Try it
Beginning with the line that has "1886年英文聖經 使徒行傳 25 章 20 節到 26 章 26 節" and ending with the line that has "a Butterfly |", retype the entries below exactly, except for the pictures.

Provided records
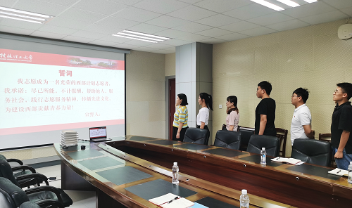 第21届研究生支教团成员从教学工作、扶贫工作、收获体会等方面介绍工作开展情况和成长收获,并鼓励第22届成员们要尽快转变角色,适应工作,做到为人师表,为服务地的教育和人才培养作出更多贡献。随后,第22届研究生支教团成员分别发表出征宣言,纷纷表示到支教岗位后将会服从安排、团结协作,不断加强学习,勇于突破自我,努力圆满完成支教任务。最后,第22届研究生支教团成员集体宣誓,以青春之名,担时代重任。
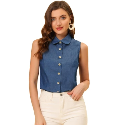 A Peter Pan collar provides preppy finishing touches for this lovely sleeveless shirt. Summer casual style is great with shorts or skirts and sandals, cool and versatile. This closet-staple chambray top with a Peter pan collar boasts an adorably chic yet relaxed vibe. Updating your collection, this shirt is plain for easy mixing and matching.
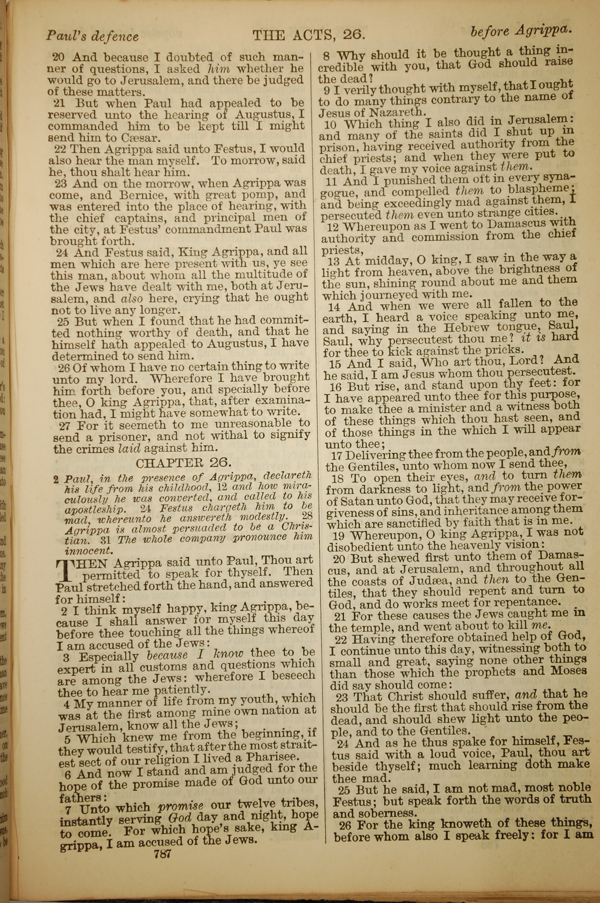 1886年英文聖經 使徒行傳 25 章 20 節到 26 章 26 節
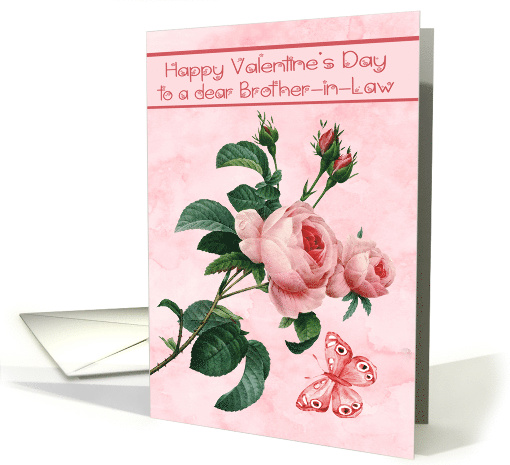 | Title: | Valentine's Day to Brother in Law with Pink Roses and a Butterfly |
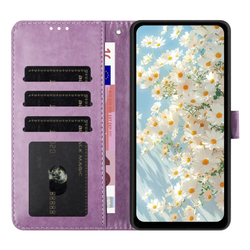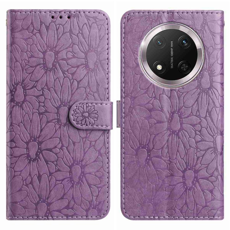Elegante portemonneehoes met margrietmotief in reliëf voor je Honor Magic 7 Lite / X9c. Met 3 kaartsleuven en 1 notitievak combineert het stijl en functionaliteit. Inclusief geïntegreerde handsfree houder en polsbandje voor eenvoudig dragen.

Response to this exercise
 1886年英文聖經 使徒行傳 25 章 20 節到 26 章 26 節
 | Title: | Valentine's Day to Brother in Law with Pink Roses and a Butterfly |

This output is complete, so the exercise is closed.